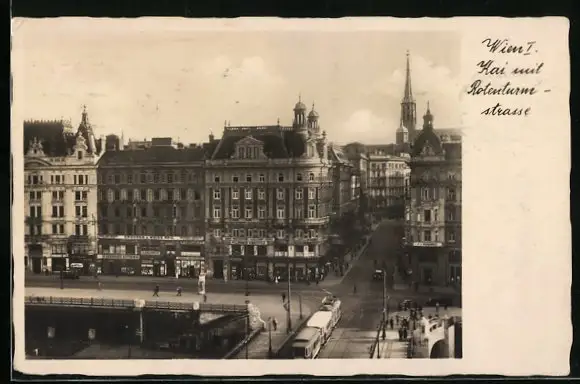 AK Wien, Kai mit Rotenturmstrasse und Strassenbahn
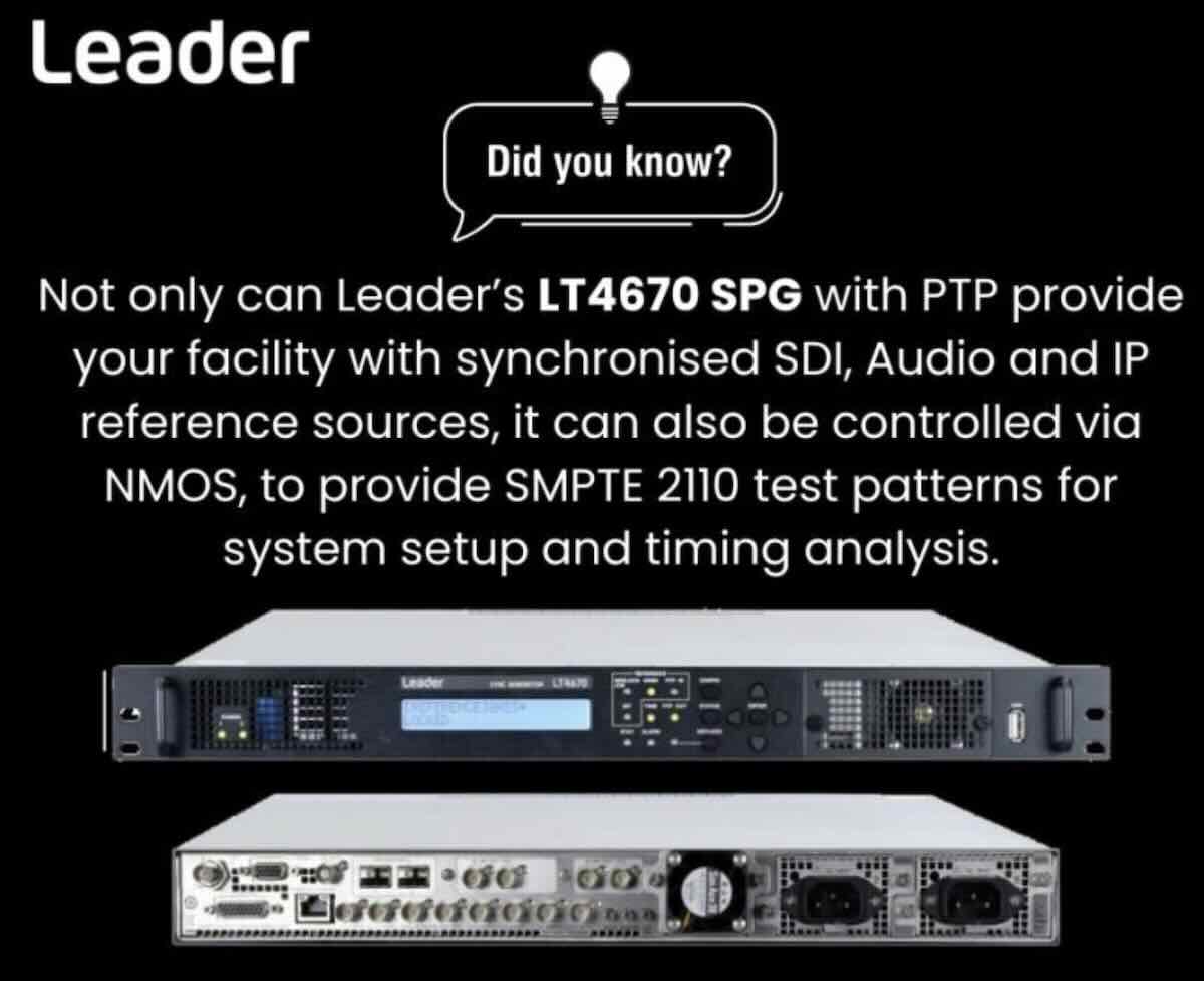 Il generatore di impulsi di sincronismo LT4670 di Leader è progettato per rispondere alle esigenze delle reti ibride SDI/IP di nuova generazione.
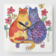 Relógio Quadrado Cats Holding Hands Folk Art
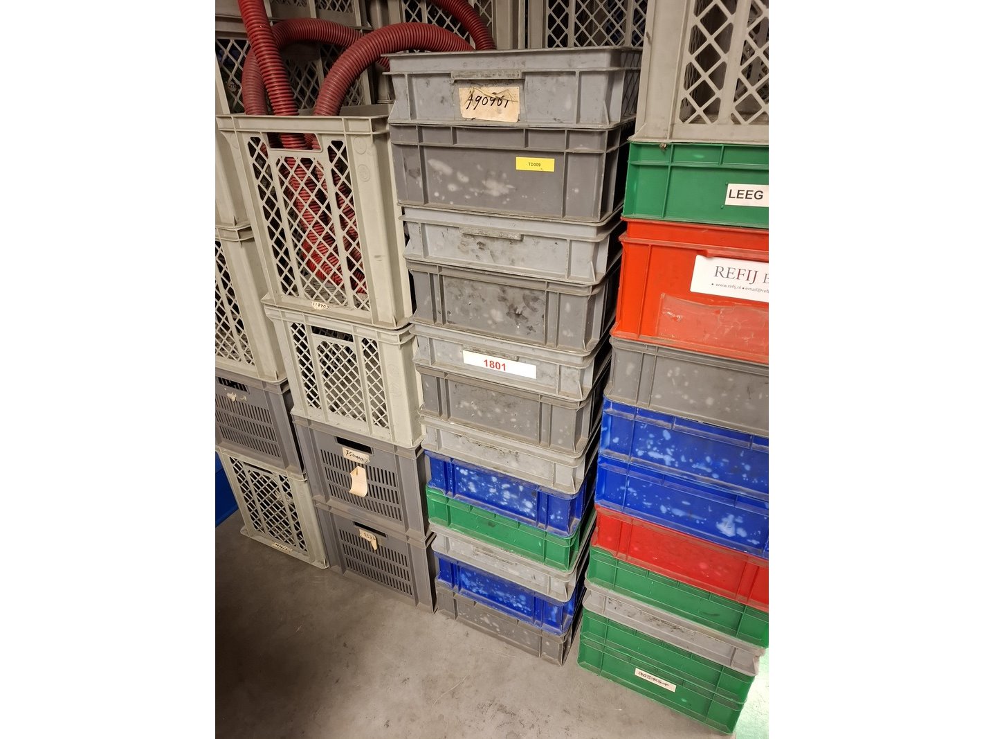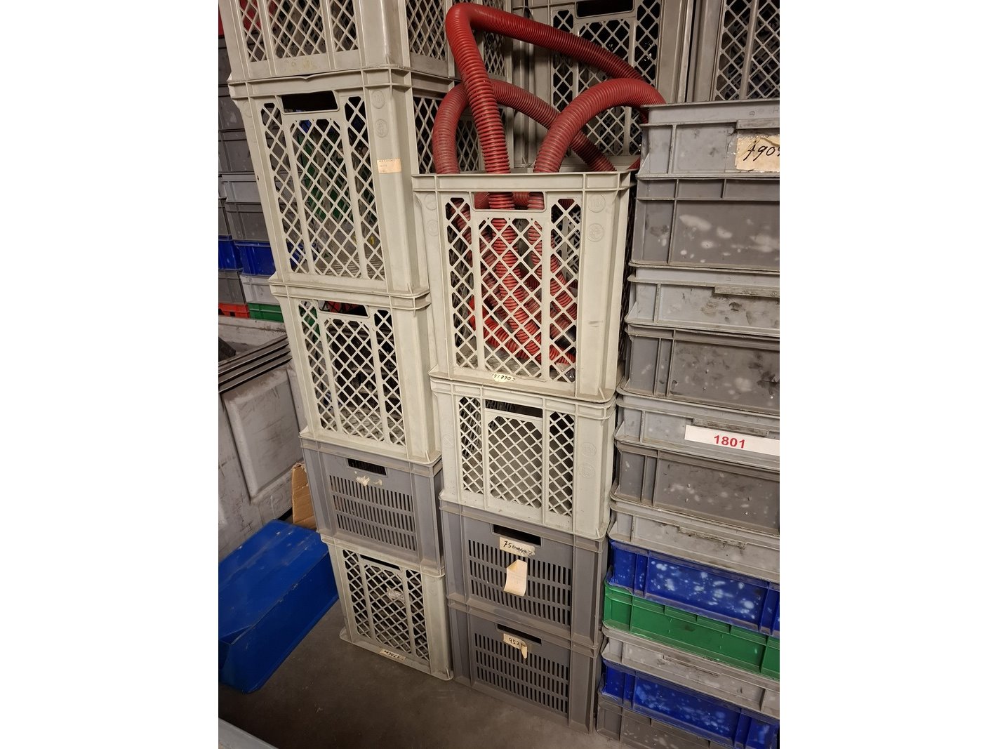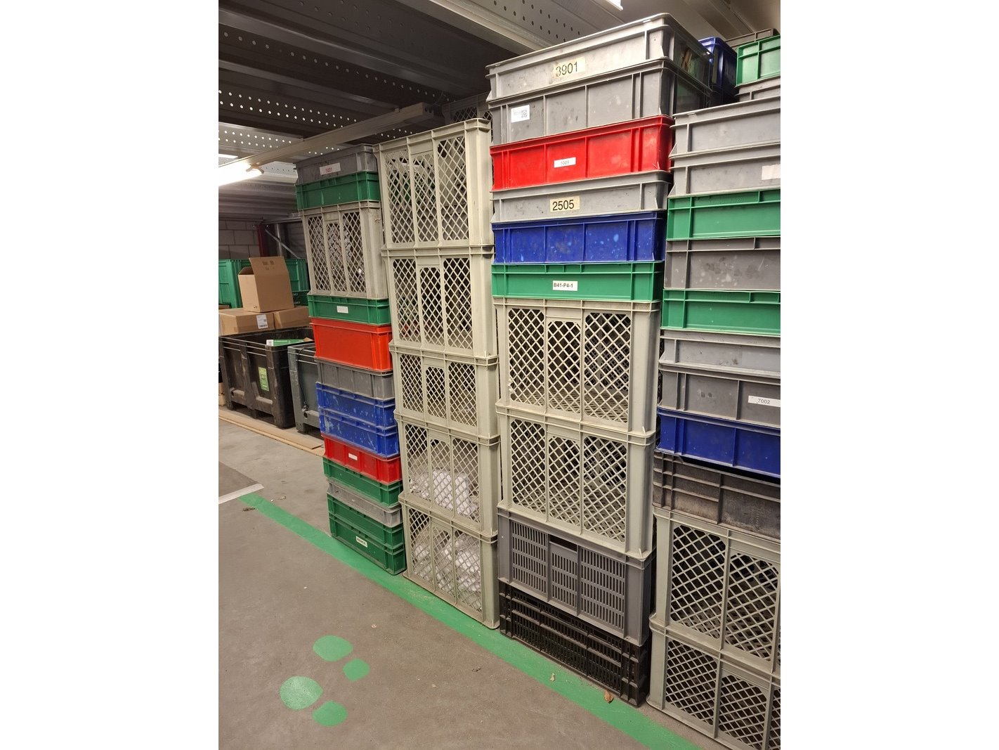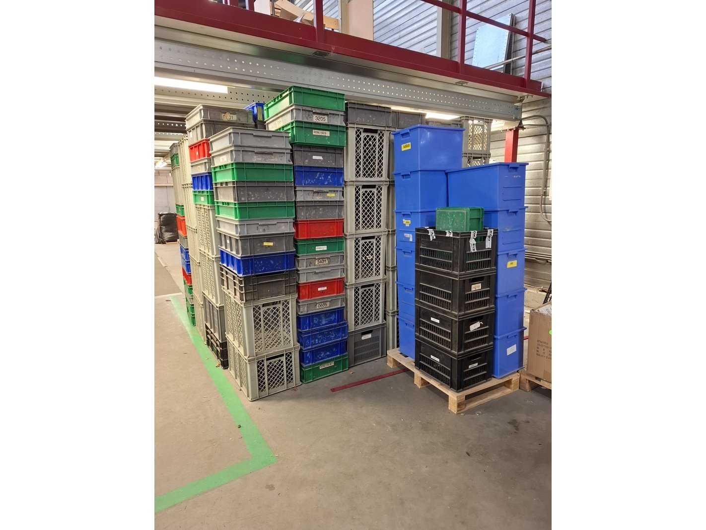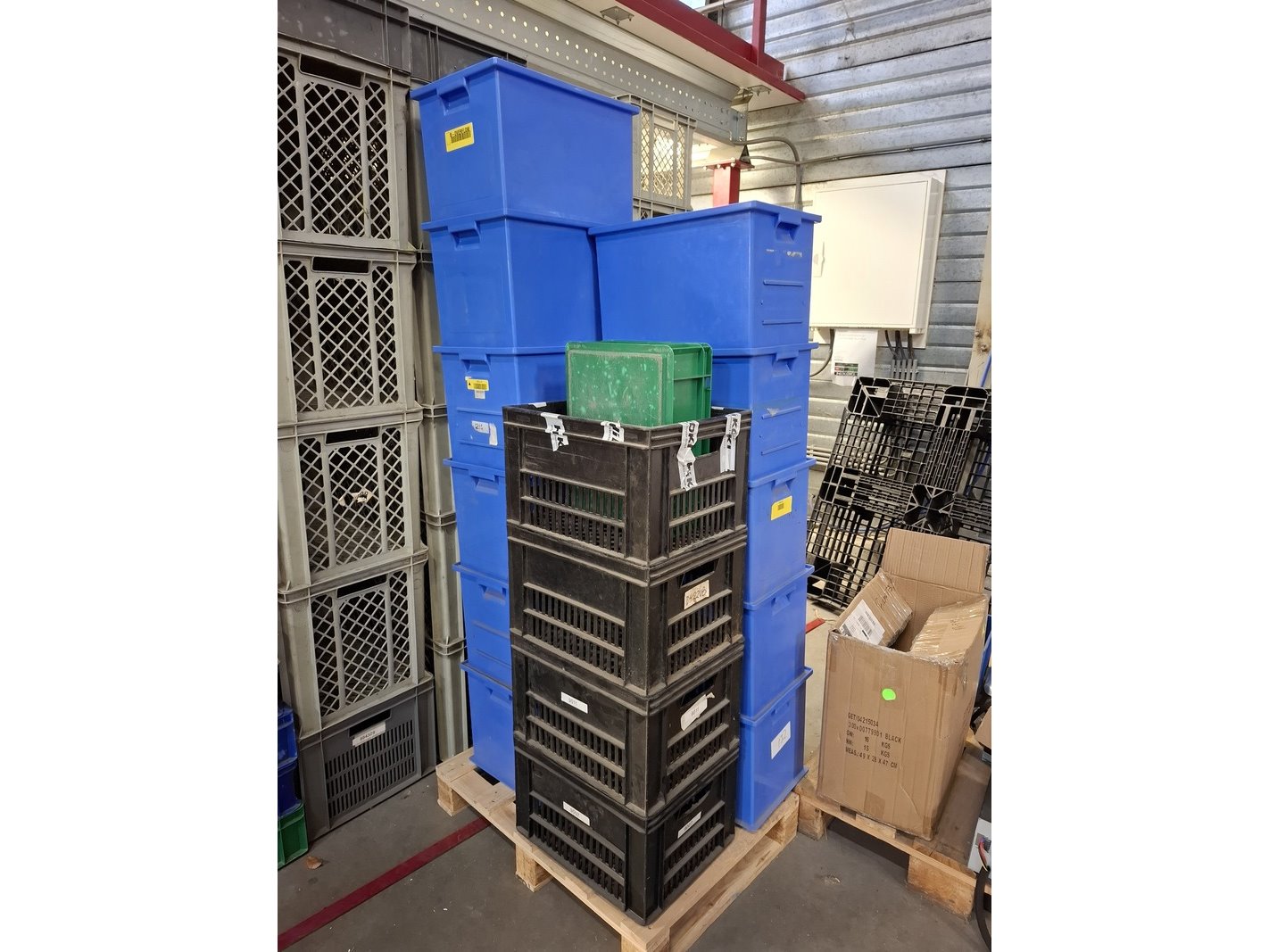 Partij kunststof kratten in diverse maten
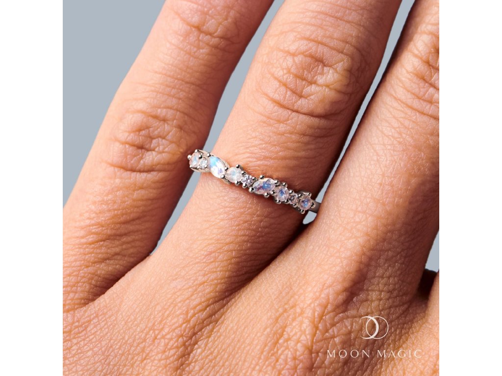 Jemný, ale půvabný prsten s řadou tvarů rozhodně není šperkařská klasika. Pomocí střídajících se třpytivých přírodních měsíčních kamenů a třpytivých skutečných drahokamů bílých topazů používá tento prsten hravé tvary k vytvoření prstenu se sofistikovaným kouzlem.
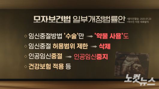 해당 개정안은 수술에 한정됐던 임신중지 방법을 약물에 의해서도 가능하게 하고, 기존 24주 이내로 제한됐던 임신중절 허용 기간과 사유 조건을 삭제하는데 사실상 낙태 전면 허용으로 이어질 수 있다는 겁니다.
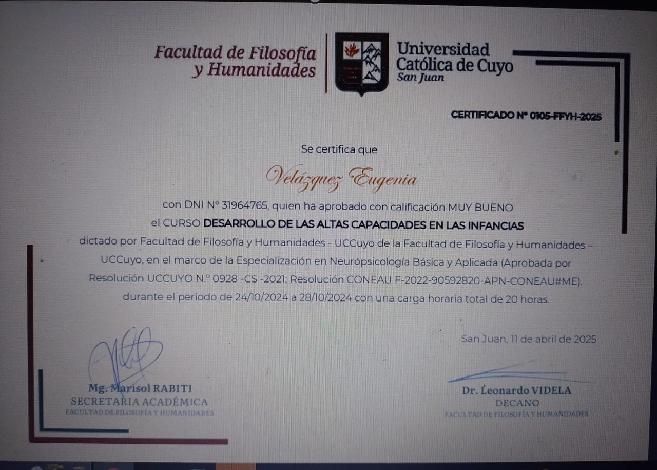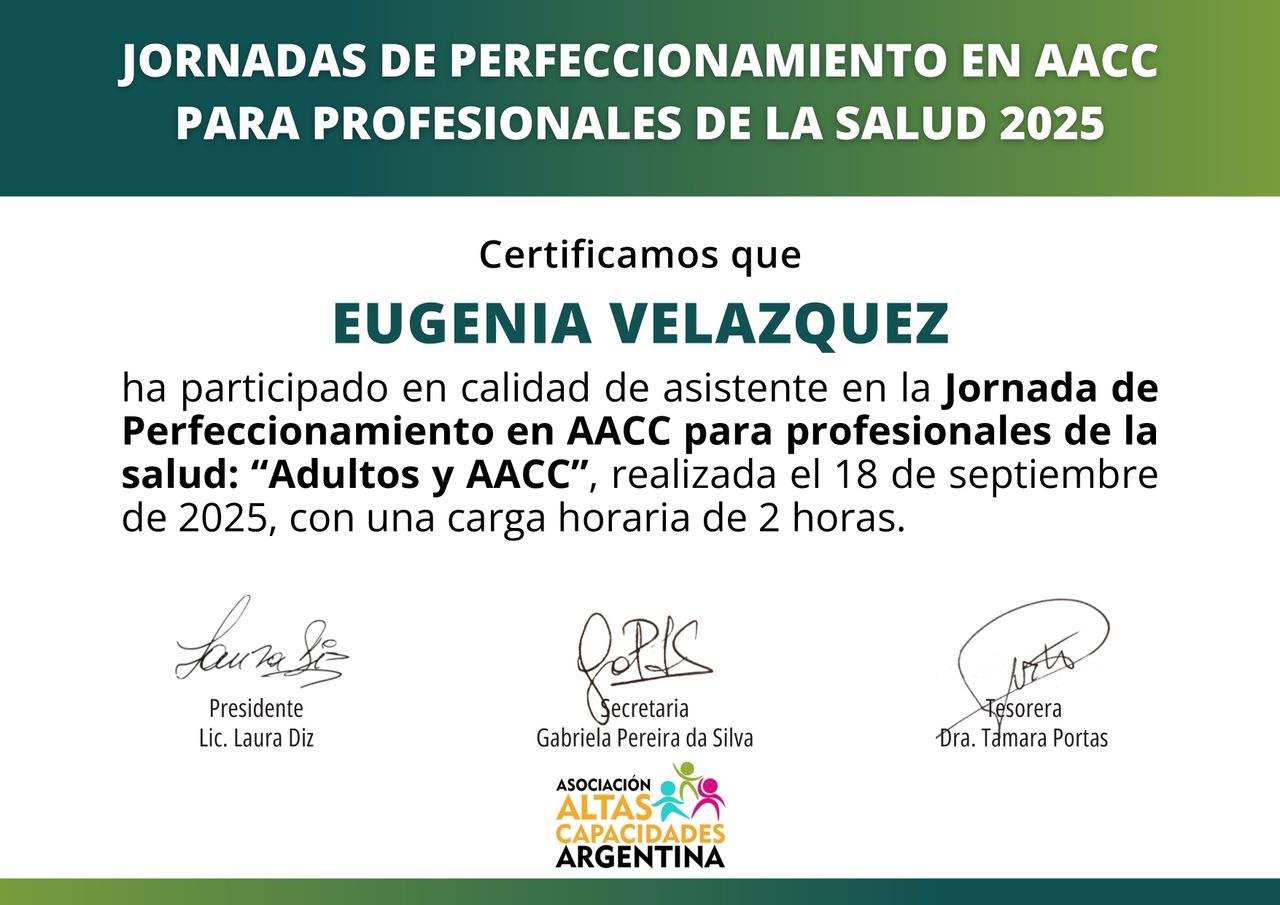 Estimado/a consultante: Mi nombre es Eugenia. Soy Lic en Psicología graduada de la Universidad de Buenos Aires (MN: 54343 / MP: 84583). Cuento con 14 años de ejercicio de la profesión. Completé mi formación académica realizando un posgrado en la misma casa de estudios donde obtuve el título de Especialista en Psicología Clínica con Orientación Psicoanalítica. Luego de eso realicé una Diplomatura en Altas Capacidades Intelectuales; en la actualidad me encuentro realizando un posgrado dictado por la Universidad Nacional de Córdoba que aborda esta temática y formando parte de REPAC, una red de nacional e internacional de formación para profesionales de la salud en Altas Capacidades. Mis últimos años de ejercicio de la profesión se han encaminado en el acompañamiento a estos pacientes.
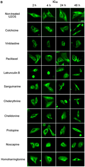 α-Tubulin-GFP U2OS cells (1 × 105) were seeded in 24-well plates and grown for 24 h. Then, 200 μL different concentrations of alkaloids (IC80, IC50) were added into each well, and the cells were imaged under a Keyence BZ-9000 microscope (Keyence, Neu-Isenburg, Germany) after incubation for 2 h, 4 h, 24 h and 48 h. The images were analyzed using BZ-II Analyzer software (version 2.1, Keyence, Neu-Isenburg, Germany).
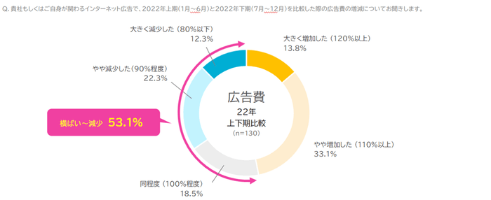 2022年下期のインターネット広告費は横ばい〜減少したとの回答が半数を超え53.1%となった。
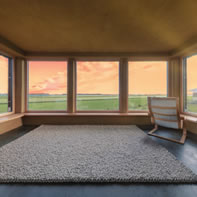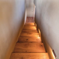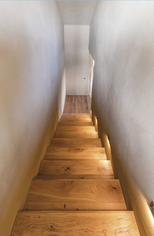 Erlinger Holzbaus Leistungsumfang umfasste die Holzriegelkonstruktion (Fichte), die Eiche-massiv-Fensterbänke im Innenbereich, die Lärchenholzfassade sowie die Treppe. Als baulich aufwendig stellte sich der „Hochsitz“ heraus, das als Galerie ausgeführte Obergeschoß mit südseitig 1,5 Meter Dachüberstand.
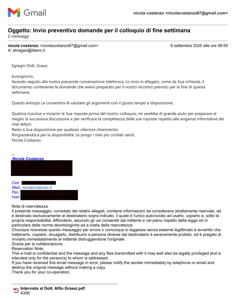 Come promesso ai miei lettori più attenti, oggi ho avuto il privilegio di incontrare il Dott. Alfio Grassi nel suo ufficio, un professionista che desidero ringraziare pubblicamente non solo per la disponibilità dimostrata, ma per il coraggio e l’integrità intellettuale con cui ha deciso di affrontare una tematica spinosa, proprio come aveva preannunciato nella sua breve risposta – vedasi link: http://nicola-costanzo.blogspot.com/2025/09/richiesta-intervista-al-dott-alfio.html. Dietro la mia insistente richiesta di un confronto, c’era una semplice ma fondamentale ricerca: trovare delle risposte.
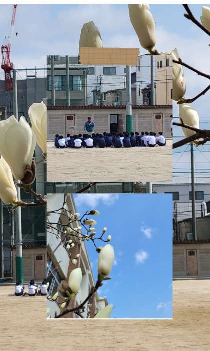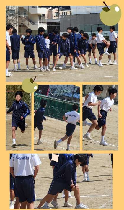 ハクモクレンの花が青空に向かって咲き誇る春を感じさせる運動場、一年生体育は1500m持久走に臨んでいました。

..............................

#### [Task]
Pictures in the material above should be skipped; print exactly the lines from the one with "Partij kunststof kratten in diverse maten" through the one with "해당 개정안은 수술에".

#### [Answer for this exercise]
 Partij kunststof kratten in diverse maten
 Jemný, ale půvabný prsten s řadou tvarů rozhodně není šperkařská klasika. Pomocí střídajících se třpytivých přírodních měsíčních kamenů a třpytivých skutečných drahokamů bílých topazů používá tento prsten hravé tvary k vytvoření prstenu se sofistikovaným kouzlem.
 해당 개정안은 수술에 한정됐던 임신중지 방법을 약물에 의해서도 가능하게 하고, 기존 24주 이내로 제한됐던 임신중절 허용 기간과 사유 조건을 삭제하는데 사실상 낙태 전면 허용으로 이어질 수 있다는 겁니다.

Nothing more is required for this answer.